Full context dump helps, but inconsistently. Injecting all 69 segments gives the agent everything it needs - somewhere in the pile. Cost drops to $0.121 and reads drop to 2.1. But variance is massive ($0.06-$0.20). Some runs complete in 1 turn; others, Claude still explores despite having everything in context. Giving the model the right information mixed with a lot of irrelevant information produces unpredictable behavior. The lowest-cost runs also benefited from prompt caching - the full dump injects identical content every time, so Anthropic’s cache kicks in on later runs. In production with varied queries, you wouldn’t see that effect.

HyPE wins because it’s selective. It injects only what’s essential and nothing else. Every run completes in 1 turn with 0 reads. Cost is consistent ($0.054-$0.098). The agent doesn’t explore because the framing tells it the injected context is complete - and because the context actually is complete for the task, that framing holds.

This is the semantic gap in action. Standard retrieval can’t bridge the gap between “what the user asks” and “what the agent needs.” Dumping everything works sometimes but wastes tokens and produces inconsistent results. HyPE bridges the gap at index time, so retrieval is precise and the agent behaves predictably.

Retrieval quality

After targeted retraining - regenerating hypothetical prompts for specific underperforming segments - essential recall hit 100% across all tasks (up from ~70-80% on the initial cold-start run). The system retrieves every segment that a human evaluator marked as critical.

TaskEssential recallFull recallPrecisionF1
Competitive100%80%80%0.80
Blog100%55%73%0.63
Email100%73%73%0.73

Full recall (including nice-to-have segments) is lower, which is fine - the whole point of snippets mode is that you don’t need everything, just the essentials.

Constraints are free

Each segment can also have extracted constraints - rules like “subject lines must be under 50 characters” or “always include a preview text field.” I ran an A/B test to check whether injecting constraints alongside content affected cost:

TaskWith constraintsWithoutDelta
Competitive$0.034$0.031+$0.003
Email$0.027$0.028-$0.001

Noise-level differences. Constraints are essentially free to inject and they measurably improve output quality - the email task now consistently follows the 50-character subject line rule and includes preview text.

Cross-domain validation

The marketing results above could be domain-specific - maybe HyPE only works for marketing content. To test this, I built a second corpus in a completely different domain: biotech clinical operations. 14 clinical documents covering a fictional drug trial (MRD-401), including protocol versions, safety reports, interim analyses, investigator brochures, and site feasibility assessments. 48 segments, each with its own set of hypothetical prompt embeddings.

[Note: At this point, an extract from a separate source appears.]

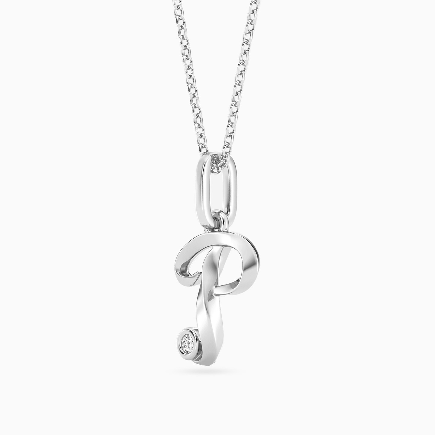 Discover affordable glamour and timeless style with this piece from Waves! This sterling silver necklace features a delicate pendant shaped as the elegant letter “P” suspended gracefully along a fine chain, and accented with a shimmering lab-grown diamond for a touch of modern sparkle. Perfect for those who adore personalized jewelry and refined elegance, it’s a beautiful way to carry a piece of your identity close to your heart.
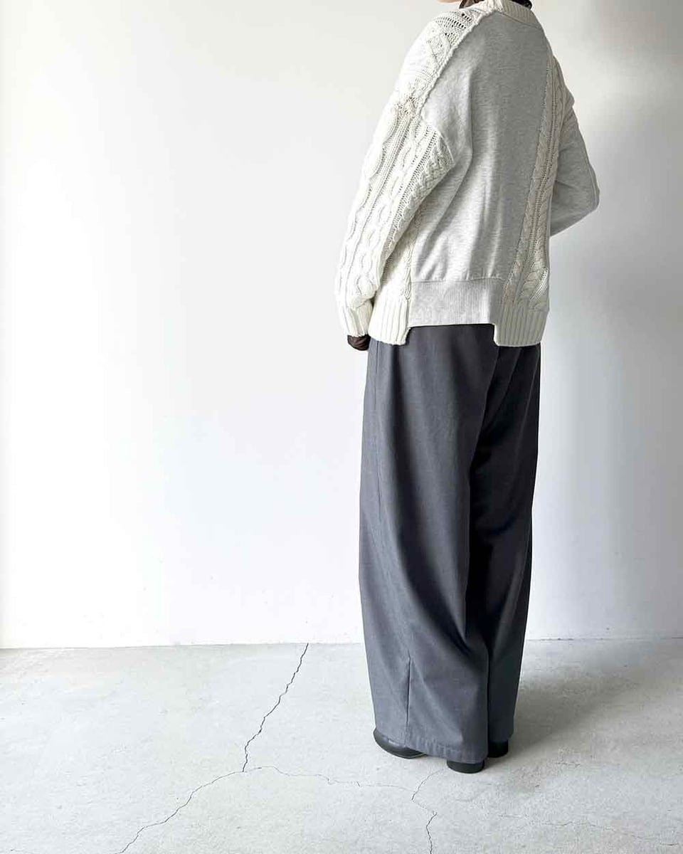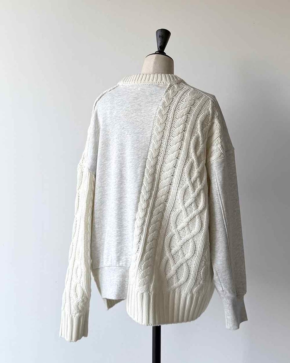 ケーブルと裏毛のカッティングに拘り、どの角度からも様々な表情感が楽しめる一枚。

The clinical corpus was deliberately designed to include contradictions - a safety report claiming “no new safety signals” contradicted by a later report with a liver signal under evaluation, protocol versions that partially supersede each other, budget figures that don’t match across documents. Real-world business knowledge is messy. If the system only works on clean data, it doesn’t work.

TaskNComplexityTurnsFile ReadsCost
Safety report summary3Simple (1-2 docs)1.00$0.038
IND submission overview3Medium (3-4 docs)4.31.7$0.131
Risk assessment memo3Complex (5+ docs)1.00$0.060

Two findings stand out. First, HyPE transfers across domains without modification. The same pipeline, same scoring formula, same thresholds - applied to clinical documents it had never seen - produced the same pattern: focused synthesis tasks complete in 1 turn with 0 file reads.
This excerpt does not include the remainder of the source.